Don’t fret. It may seem early to start thinking about life post-graduation but now is the perfect time to start planning for your career. The job search can be exhausting, so the earlier you start looking for work, the more likely it is that you’ll end up with a job you enjoy. Here are four tips to help you get on the right career trajectory both before and after you graduate:

  1. Start thinking about the jobs you want.
    While college is a fun experience, it’s also a time where you can explore your passions and interests. By now, you should have a general idea of what you want to do, or at least what you don’t want to do. The bad news is that having a general idea is not enough—now’s the time to start narrowing your focus. Think about what you’d like to do once you graduate, and about the feasibility of your ideas about work. If your goal is achievable, and the duties and salary of the role you have in mind are satisfactory, proceed by setting goals to get there. Princeton graduate Lydia Dallett from Business Insider suggests that graduating seniors “Figure out what your goals are—be it a job offer, grad school, or a summer internship—and then make a week-by-week plan for achieving that goal.” This plan can include: making appointments at your career center, reaching out to industry professionals, and updating your LinkedIn profile.
  2. Network, network, and network some more.

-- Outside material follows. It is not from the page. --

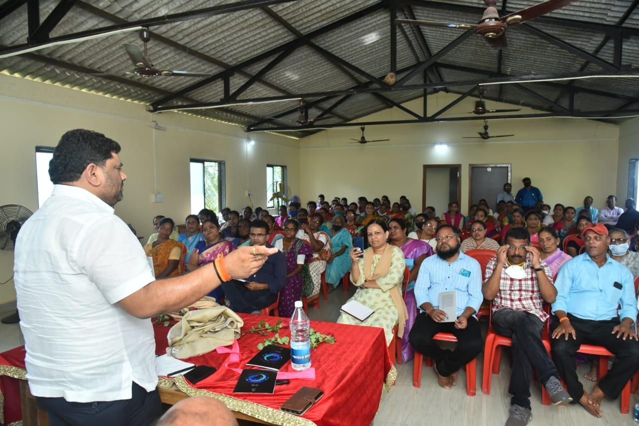मालवण दांडी आवार येथील मत्स्य व्यवसाय प्रशिक्षण केंद्र याठिकाणी विकास अध्ययन केंद्र मुंबई आणि सहाय्यक आयुक्त मत्स्य व्यवसाय कार्यालय यांच्या संयुक्त विद्यमाने मच्छीमार महिलांसाठी मार्गदर्शनपर कार्यक्रमाचे आयोजन आज करण्यात आले होते. यावेळी विकास अध्ययन केंद्र मुंबई प्रकाशित ‘प्रधानमंत्री मत्स्य संपदा योजना’ पुस्तिकेचे प्रकाशन आ. वैभव नाईक यांच्या प्रमुख उपस्थितीत करण्यात आले. यावेळी सहाय्यक आयुक्त मत्स्य व्यवसाय रवींद्र मालवणकर, विकास अध्ययन केंद्राचे सुरेश शेळके, रेणुका कड, सिंधुदुर्ग जिल्हा गाबित महासंघाचे संघटक चंद्रशेखर उपरकर, सिंधुदुर्ग जिल्हा श्नमजिवी रापण संघाचे सचिव दिलीप घारे, जि. प. सदस्य हरी खोबरेकर, नगरसेविका सेजल परब, कांदळवन विभागाच्या जैव विविधता तज्ज्ञ दुर्गा सावंत-ठिगळे, मालवण तालुका श्रमिक मच्छीमार संघाचे अध्यक्ष छोटु सावजी, उपाध्यक्ष बाबी जोगी, एनएफएफ कार्यकारिणी सदस्य रवीकिरण तोरसकर, अखिल महाराष्ट्र मच्छीमार कृती समिती जिल्हाध्यक्ष मिथुन मालंडकर, महिला जिल्हाध्यक्ष स्वप्नाली तारी, सागरकन्या संस्था अध्यक्ष सुलक्षणा रेवंडकर, सामाजिक कार्यकर्त्या चारुशीला देऊलकर आदी उपस्थित होते. आ.वैभव नाईक पुढे म्हणाले, आपल्या न्याय हक्कांसाठी लढत असतानाच पारंपारिक मच्छीमार आणि महिलांनी विविध शासकीय योजनांच्या माध्यमातून नव्या सकारात्मक बदलांसाठी देखील सज्ज रहायला हवे.

    A strong professional network is the key to getting you the job you want. This is because an internal recommendation is perceived as more trustworthy and efficient than searching for hires from online applications. Forbes writer Susan Adams advises students to network at industry-specific groups at school. She writes, “These groups can connect you to established professionals in your area of interest. This is a great way to make mentoring connections and to form relationships that are likely to be helpful in the future.”Another simple way to grow your network is to reach out to family, friends, and professional connections on LinkedIn. You can ask for introductions to relevant professionals, and personal and professional recommendations. You can also get inspiration for your resume and cover letter by looking at the profiles of other professionals who either have the job you want, or who work for companies you admire.
  1. Customize your resume to be job application-specific.

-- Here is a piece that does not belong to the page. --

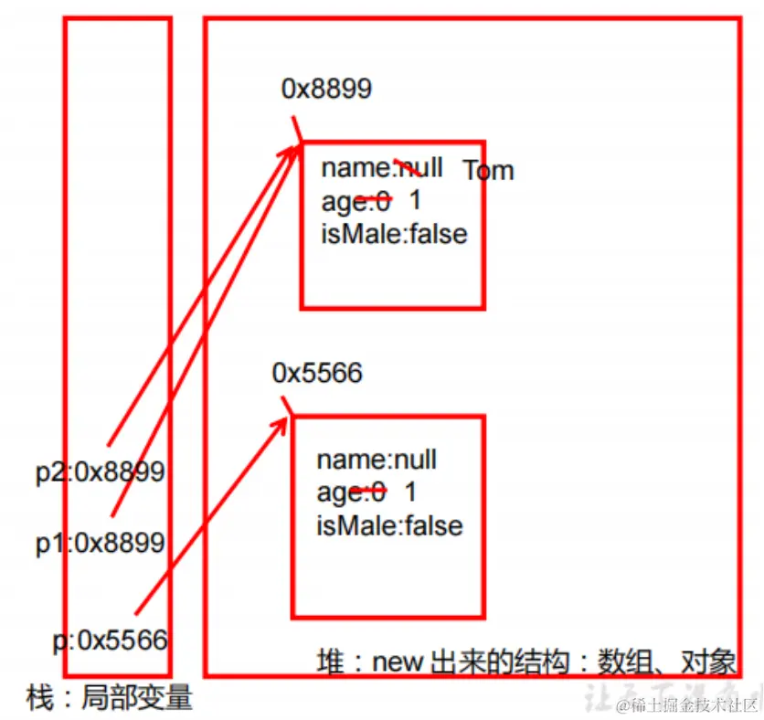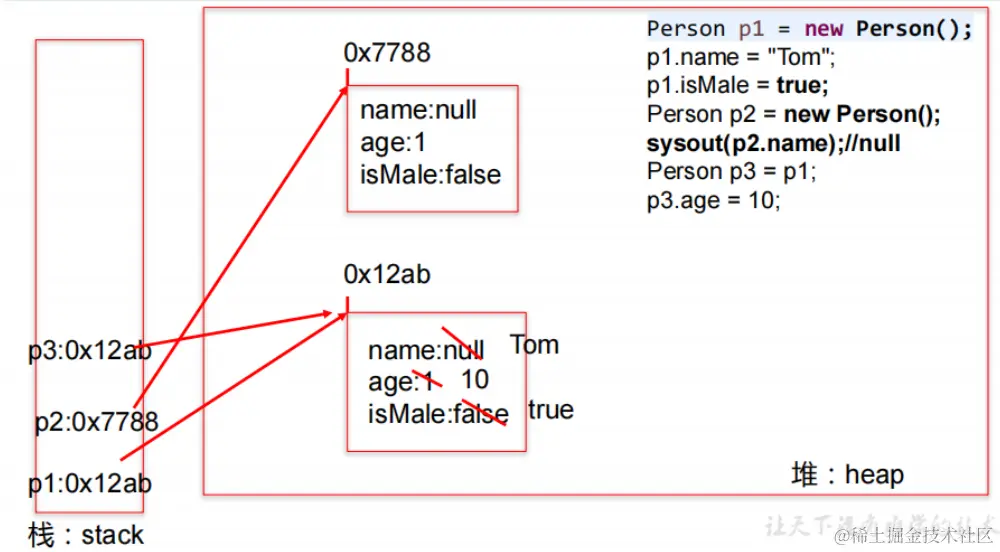 Person p1 = new Person();执行完后的内存状态。其中类定义如下:

    Sure, you may be sending out scores of job applications to secure a position, but that doesn’t mean that you should send out the same resume for every role. Beyond focusing your resume on different courses and experiences for each role, make sure you customize each resume and cover letter to the language of the job ad as well. How would you do this? Simply by look at the job posting; specifically, under the “Duties and Responsibilities” and/or the “Required Skills” sections. From these parts, you can lift the wording used in the job ad to describe your skills and experience. Doing so will show recruiters and hiring managers—at a glance—that you fulfill the job requirements. Use the same technique with your cover letter as well for twice the impact!

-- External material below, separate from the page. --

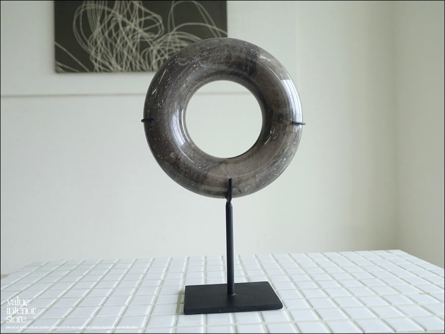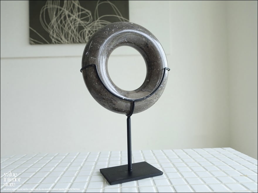 天然大理石オブジェCir/GY マーブル 置物 装飾 天然石アート 円形オブジェ カフェ装飾 飾り デコレーション 置き物 W17xH28cm

  1. Stay focused and attentive after you graduate.
    Just because you’re done with your academic studies doesn’t mean that you should start slacking off. Never settle. Once you get a job offer, negotiate your salary. While many students may be afraid that they’ll make a bad first impression, arming yourself with evidence and research about your field and its salary ranges is a very good idea. Far from positioning you as “difficult,” preparing for and initiating a negotiation can garner more respect from your employer. It shows you’ve done homework.When you’re on the job, take the stance of a student by maintaining a learning mindset. Volunteer for projects, say Yes to meetings, and soak up as much information as you can. If you make mistakes, that’s okay. Apologize and try to remedy them, but most importantly, learn from them and focus on doing better next time. Stay humble, and always put your best foot forward.

If you keep these things in mind, you’ll have much less trouble in your job search. It’s never too early to start planning for your post-college life, and the more time you spend on preparing your career, the better off you’ll be in the end. If you take incremental steps throughout your senior year, you’ll find yourself on solid ground once you walk off stage with your diploma.